_WHAT YOU WILL DO_: From the entries below, write out exactly the lines between the line holding "某患者右下腹痛,血尿,根据超声声像图,最可能的诊断为()" and the line holding "Evenimentul, intitulat „Management", inclusive, excluding any pictures.

_RECORDS PROVIDED_:
== Segment start ==

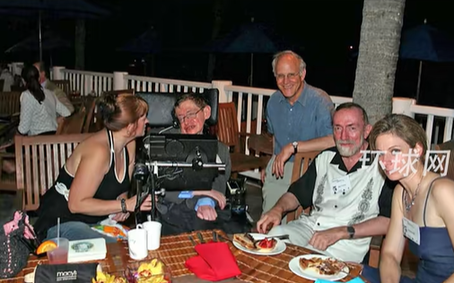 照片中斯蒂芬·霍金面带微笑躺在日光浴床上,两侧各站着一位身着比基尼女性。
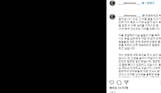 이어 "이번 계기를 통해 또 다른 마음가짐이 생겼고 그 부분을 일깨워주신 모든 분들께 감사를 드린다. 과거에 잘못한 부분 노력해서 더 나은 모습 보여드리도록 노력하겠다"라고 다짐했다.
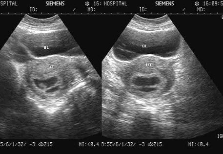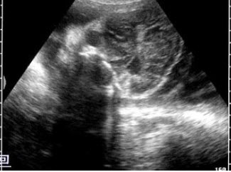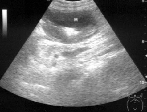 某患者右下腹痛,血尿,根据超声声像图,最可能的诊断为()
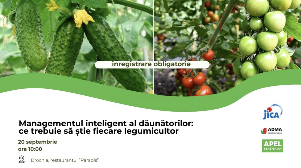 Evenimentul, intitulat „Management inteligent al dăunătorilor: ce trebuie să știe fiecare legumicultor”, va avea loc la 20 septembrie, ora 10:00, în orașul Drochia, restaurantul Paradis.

== Segment end ==
== Segment start ==

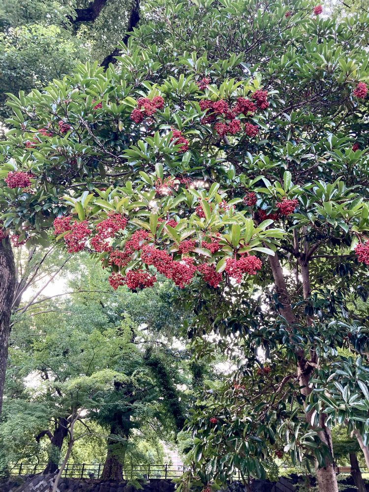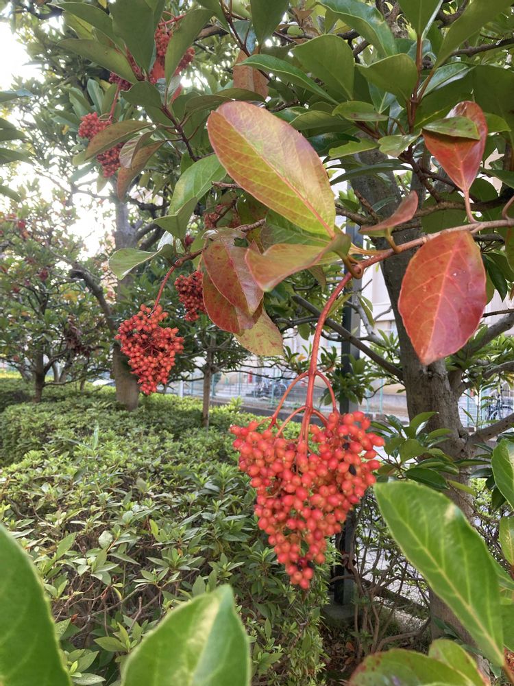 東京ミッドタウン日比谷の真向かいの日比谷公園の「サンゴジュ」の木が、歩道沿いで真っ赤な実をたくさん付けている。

== Segment end ==
== Segment start ==

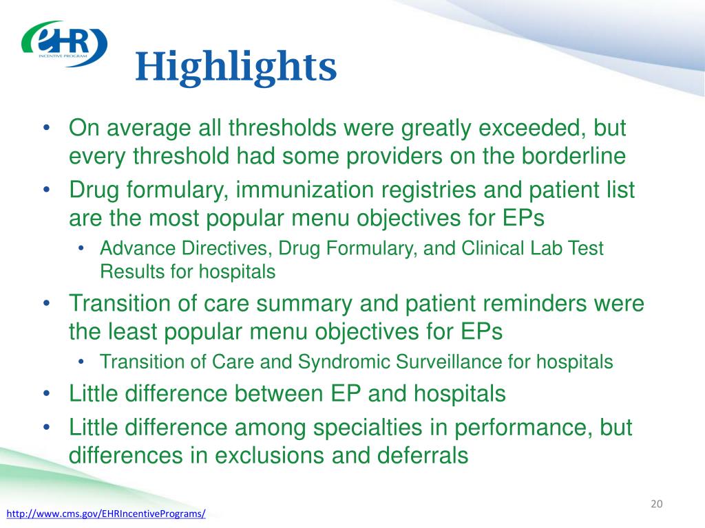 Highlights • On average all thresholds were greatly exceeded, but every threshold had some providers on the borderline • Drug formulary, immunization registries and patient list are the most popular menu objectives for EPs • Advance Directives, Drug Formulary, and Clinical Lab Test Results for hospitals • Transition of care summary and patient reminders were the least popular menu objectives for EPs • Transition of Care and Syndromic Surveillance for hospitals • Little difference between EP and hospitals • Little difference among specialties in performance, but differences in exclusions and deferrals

== Segment end ==

_ANSWER FOR THIS EXERCISE_:
 某患者右下腹痛,血尿,根据超声声像图,最可能的诊断为()
 Evenimentul, intitulat „Management inteligent al dăunătorilor: ce trebuie să știe fiecare legumicultor”, va avea loc la 20 septembrie, ora 10:00, în orașul Drochia, restaurantul Paradis.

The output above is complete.